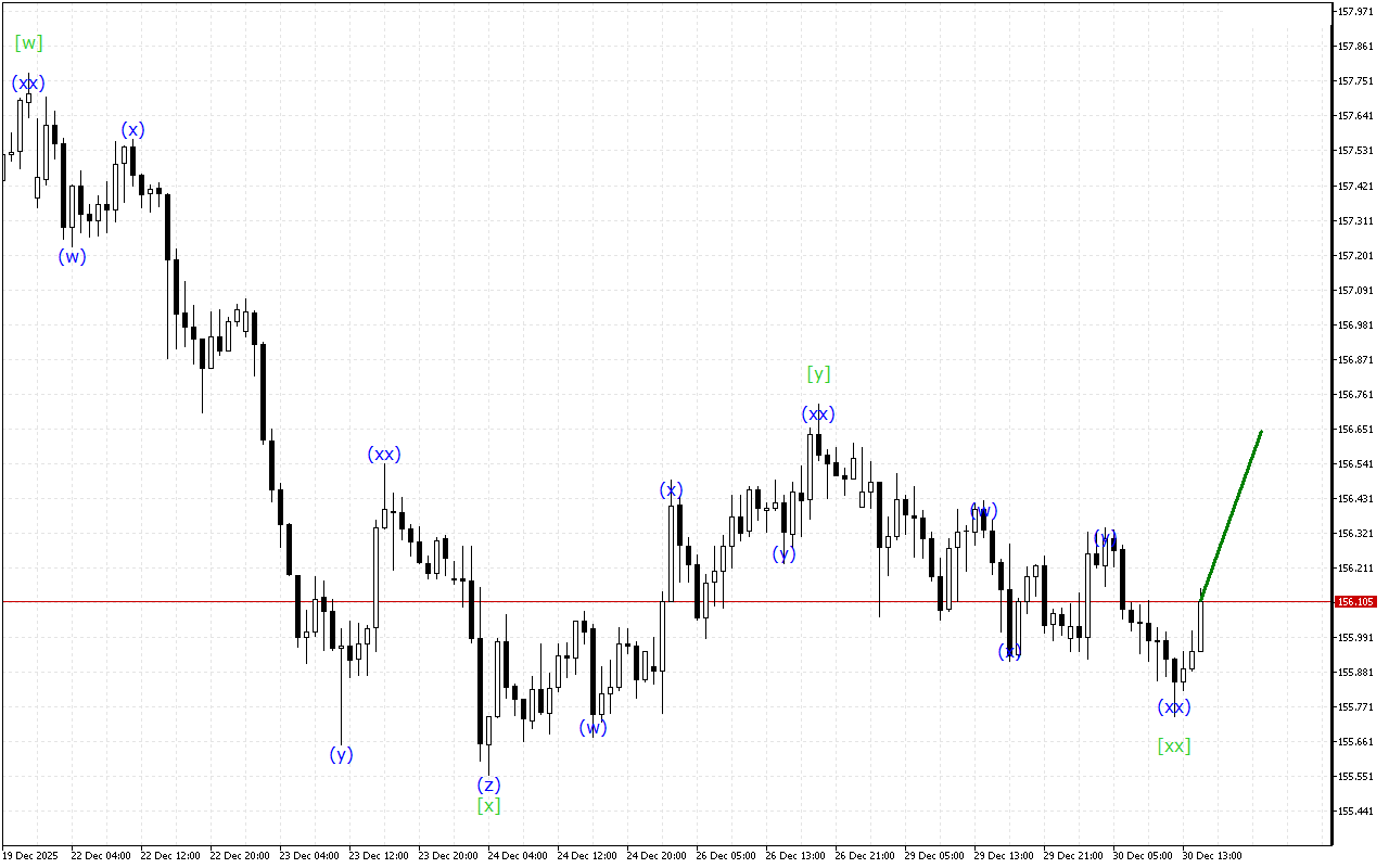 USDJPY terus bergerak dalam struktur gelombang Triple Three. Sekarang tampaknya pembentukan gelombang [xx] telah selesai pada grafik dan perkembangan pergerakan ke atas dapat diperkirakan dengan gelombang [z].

--- --- ---

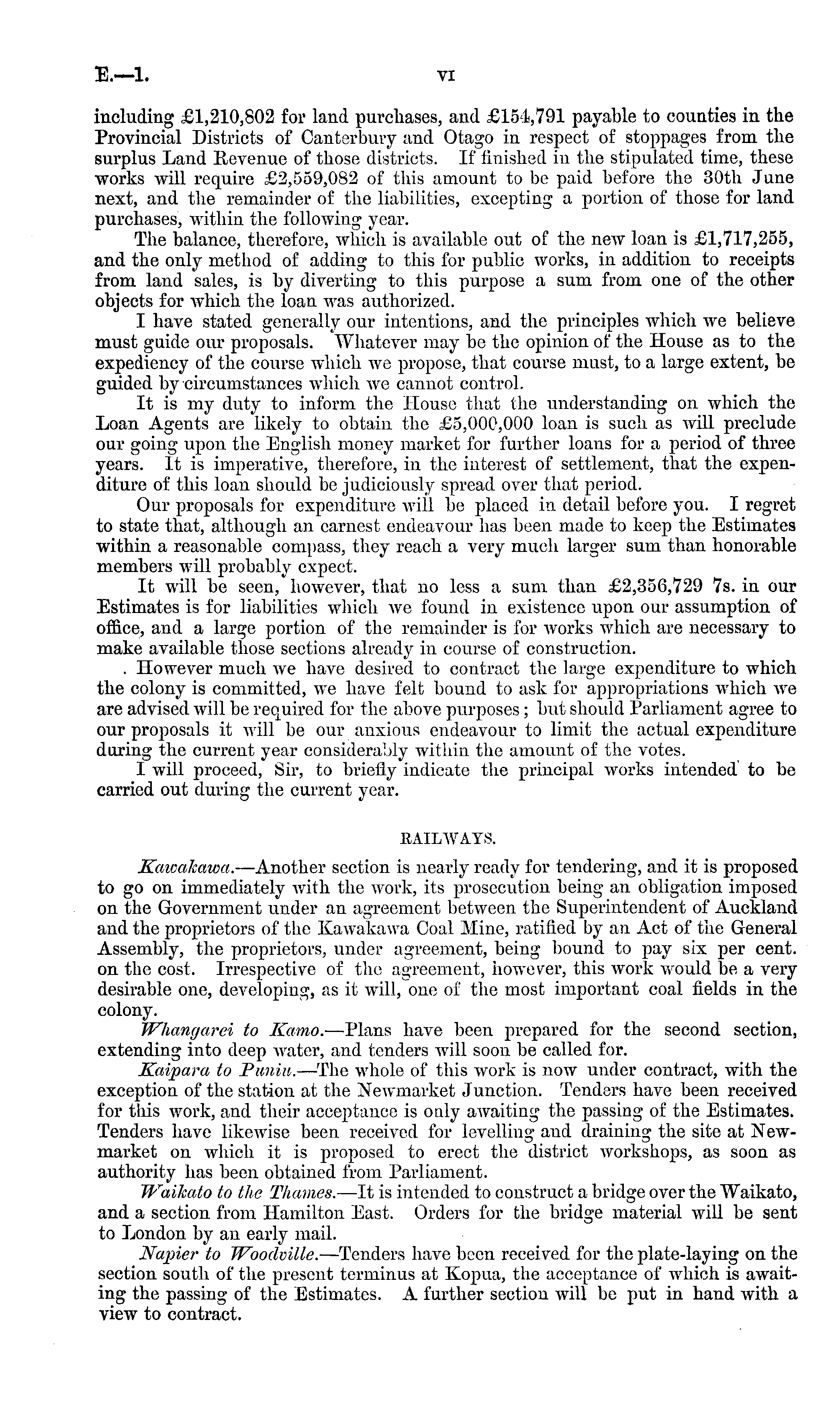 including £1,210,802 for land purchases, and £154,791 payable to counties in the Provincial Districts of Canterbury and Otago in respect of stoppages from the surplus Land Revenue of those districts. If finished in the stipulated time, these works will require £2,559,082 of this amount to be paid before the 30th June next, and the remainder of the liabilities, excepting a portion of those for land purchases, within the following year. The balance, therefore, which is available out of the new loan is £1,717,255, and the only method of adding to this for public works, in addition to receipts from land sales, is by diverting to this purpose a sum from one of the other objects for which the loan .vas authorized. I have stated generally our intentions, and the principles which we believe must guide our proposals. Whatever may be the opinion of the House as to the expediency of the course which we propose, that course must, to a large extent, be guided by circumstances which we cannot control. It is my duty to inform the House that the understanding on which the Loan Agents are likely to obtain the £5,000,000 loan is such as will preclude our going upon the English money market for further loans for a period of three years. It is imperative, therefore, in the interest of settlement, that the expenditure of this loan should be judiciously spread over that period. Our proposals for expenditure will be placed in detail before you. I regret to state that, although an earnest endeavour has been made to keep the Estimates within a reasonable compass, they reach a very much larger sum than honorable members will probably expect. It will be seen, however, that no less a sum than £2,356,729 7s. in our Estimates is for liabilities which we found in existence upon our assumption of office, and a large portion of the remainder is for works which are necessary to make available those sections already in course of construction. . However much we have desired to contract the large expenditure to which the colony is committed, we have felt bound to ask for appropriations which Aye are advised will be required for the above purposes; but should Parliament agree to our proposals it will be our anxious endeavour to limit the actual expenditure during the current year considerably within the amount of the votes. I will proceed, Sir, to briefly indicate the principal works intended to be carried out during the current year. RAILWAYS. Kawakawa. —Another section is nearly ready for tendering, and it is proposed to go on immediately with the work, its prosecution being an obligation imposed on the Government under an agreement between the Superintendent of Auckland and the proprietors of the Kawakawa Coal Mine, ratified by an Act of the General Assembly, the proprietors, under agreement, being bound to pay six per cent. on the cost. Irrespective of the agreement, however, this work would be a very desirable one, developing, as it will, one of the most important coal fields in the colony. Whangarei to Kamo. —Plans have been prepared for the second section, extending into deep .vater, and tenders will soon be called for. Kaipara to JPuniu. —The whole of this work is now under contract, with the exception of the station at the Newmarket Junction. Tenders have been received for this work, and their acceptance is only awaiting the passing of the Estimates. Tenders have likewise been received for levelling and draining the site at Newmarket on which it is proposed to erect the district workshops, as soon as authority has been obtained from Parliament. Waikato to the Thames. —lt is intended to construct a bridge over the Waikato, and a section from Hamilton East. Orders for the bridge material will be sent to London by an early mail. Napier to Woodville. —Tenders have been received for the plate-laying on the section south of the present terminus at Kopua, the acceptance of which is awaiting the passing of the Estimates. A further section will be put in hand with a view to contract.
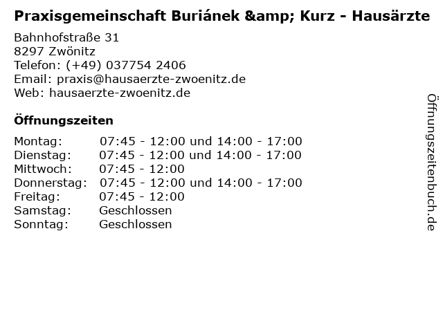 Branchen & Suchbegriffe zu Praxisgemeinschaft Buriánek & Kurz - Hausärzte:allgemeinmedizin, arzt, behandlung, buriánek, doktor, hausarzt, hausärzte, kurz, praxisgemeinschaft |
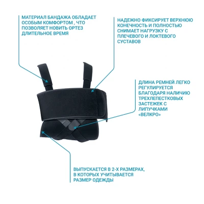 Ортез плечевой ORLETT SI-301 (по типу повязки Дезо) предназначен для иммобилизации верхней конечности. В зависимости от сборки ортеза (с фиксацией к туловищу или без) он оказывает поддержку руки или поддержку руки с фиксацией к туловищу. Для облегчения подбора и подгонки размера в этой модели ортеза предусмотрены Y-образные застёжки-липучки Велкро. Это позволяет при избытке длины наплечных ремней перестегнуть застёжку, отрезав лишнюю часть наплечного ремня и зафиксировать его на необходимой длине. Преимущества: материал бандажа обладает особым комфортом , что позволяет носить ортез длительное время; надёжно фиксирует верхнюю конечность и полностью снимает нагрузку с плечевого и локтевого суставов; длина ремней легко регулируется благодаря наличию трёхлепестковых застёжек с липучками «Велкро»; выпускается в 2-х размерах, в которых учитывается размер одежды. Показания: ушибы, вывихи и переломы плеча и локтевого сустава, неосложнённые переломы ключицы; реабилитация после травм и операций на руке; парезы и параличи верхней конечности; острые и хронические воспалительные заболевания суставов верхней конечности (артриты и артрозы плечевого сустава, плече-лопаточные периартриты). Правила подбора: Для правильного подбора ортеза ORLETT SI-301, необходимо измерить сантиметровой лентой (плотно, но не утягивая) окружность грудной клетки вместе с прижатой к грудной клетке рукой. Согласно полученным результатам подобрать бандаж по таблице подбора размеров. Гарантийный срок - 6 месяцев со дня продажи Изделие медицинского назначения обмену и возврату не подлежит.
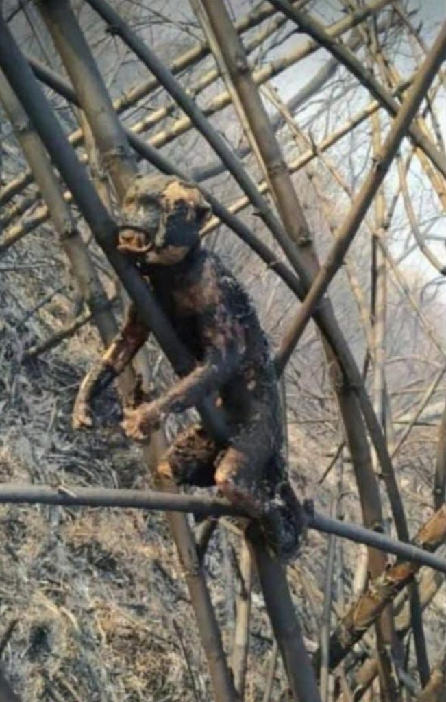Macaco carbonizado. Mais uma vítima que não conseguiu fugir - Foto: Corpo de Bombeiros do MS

--- --- ---

Above, find the line with "Branchen & Suchbegriffe"; copy it and every line down to the line with "Macaco carbonizado. Mais", exactly and both included, but no pictures.

FINISHED EXERCISE:
 Branchen & Suchbegriffe zu Praxisgemeinschaft Buriánek & Kurz - Hausärzte:allgemeinmedizin, arzt, behandlung, buriánek, doktor, hausarzt, hausärzte, kurz, praxisgemeinschaft |
 Ортез плечевой ORLETT SI-301 (по типу повязки Дезо) предназначен для иммобилизации верхней конечности. В зависимости от сборки ортеза (с фиксацией к туловищу или без) он оказывает поддержку руки или поддержку руки с фиксацией к туловищу. Для облегчения подбора и подгонки размера в этой модели ортеза предусмотрены Y-образные застёжки-липучки Велкро. Это позволяет при избытке длины наплечных ремней перестегнуть застёжку, отрезав лишнюю часть наплечного ремня и зафиксировать его на необходимой длине. Преимущества: материал бандажа обладает особым комфортом , что позволяет носить ортез длительное время; надёжно фиксирует верхнюю конечность и полностью снимает нагрузку с плечевого и локтевого суставов; длина ремней легко регулируется благодаря наличию трёхлепестковых застёжек с липучками «Велкро»; выпускается в 2-х размерах, в которых учитывается размер одежды. Показания: ушибы, вывихи и переломы плеча и локтевого сустава, неосложнённые переломы ключицы; реабилитация после травм и операций на руке; парезы и параличи верхней конечности; острые и хронические воспалительные заболевания суставов верхней конечности (артриты и артрозы плечевого сустава, плече-лопаточные периартриты). Правила подбора: Для правильного подбора ортеза ORLETT SI-301, необходимо измерить сантиметровой лентой (плотно, но не утягивая) окружность грудной клетки вместе с прижатой к грудной клетке рукой. Согласно полученным результатам подобрать бандаж по таблице подбора размеров. Гарантийный срок - 6 месяцев со дня продажи Изделие медицинского назначения обмену и возврату не подлежит.
Macaco carbonizado. Mais uma vítima que não conseguiu fugir - Foto: Corpo de Bombeiros do MS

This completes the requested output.